Of course, I had known of Gloria Vanderbilt’s stylish commercial designs—jeans, eyeglasses, household goods, accessories—but had no idea that she was an artist of such visionary depth.
Soon then, I wrote to Gloria and asked if I might see more of her work. The literary magazine edited by Raymond Smith and me, Ontario Review, featured an artist in each issue, and we were eager to present Gloria Vanderbilt’s Dream Boxes in our Fall/Winter 2001-2002 issue, for which I wrote an essay of appreciation. What brilliant, beautiful, disturbing works of art! The “Dream Boxes of Gloria Vanderbilt” would be the most talked-of feature to ever appear in Ontario Review.
Prefatory to the color plates, Gloria provided a brief explanation:
The first inspiration for the Dream Boxes probably started when, as a child, I became fascinated by those glass balls which, when shaken, cause snow to swirl, drawing me into a world that had order, one that wouldn’t change or disappoint, shutting out and obliterating the world around me, the world I was in.
Shutting out and obliterating the world I was in. Has any artist or writer ever more succinctly named the impulse for art?
The secret is to be always in love.
Gloria Vanderbilt had a gift for friendship, as crucial to her, or nearly, as her gift for romantic love. Though I am not aware of portraits Gloria may have painted of her four husbands and numerous lovers (including, among many others, Frank Sinatra, Marlon Brando, Howard Hughes, William Paley) she painted many portraits of women. Some of these are writers and artists; most are unnamed, anonymous.
Included here are portraits of Gloria’s “muses” (as she called us affectionately): the American writer Amy Hempel, the French actress and dancer Aurélia Thierrée, and me. (I am sorry not to have access to more portraits of Gloria’s; these are the only ones I can post but others may be accessible online.)

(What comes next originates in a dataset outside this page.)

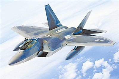 F-22猛禽战斗机是世界上第一种进入服役的第五代战斗机,配备AN/APG-77主动相控阵雷达、响尾蛇近程格斗空对空导弹、AIM-120C中程空对空导弹等。在设计上具备超音速巡航、超视距作战、高机动性、对雷达与红外线隐形等特性。目前是已列装部队的最昂贵的战斗机。

When Gloria passed away on June 17, 2019 in her home in New York City, in the company of her family, she was ninety-five years old; she had been in the public eye for more than eight decades, often unwillingly. (As a young child Gloria had been the object of a luridly publicized custody suit between her mother Gloria Morgan Vanderbilt, widowed at nineteen, and her wealthy, socially prominent aunt Gertrude Vanderbilt Whitney. For Gloria’s account of this unhappy childhood see Once Upon a Time: A True Story by Gloria Vanderbilt.) That she bore a famous name and was herself a “celebrity”—indeed, doubly renowned as the mother of CNN’s popular Anderson Cooper—was at odds with her proclivity for isolation as an artist: “taking the veil” was Gloria’s phrase for the deep immersion in work that preceded a gallery opening.
Yet, Gloria also said the secret to a long and happy life is simple: always be in love.
Somewhere between the chaste celibacy of taking the veil and the bold adventure of being always in love—that is the magical place of habitation of one of the most extraordinary Americans of our time.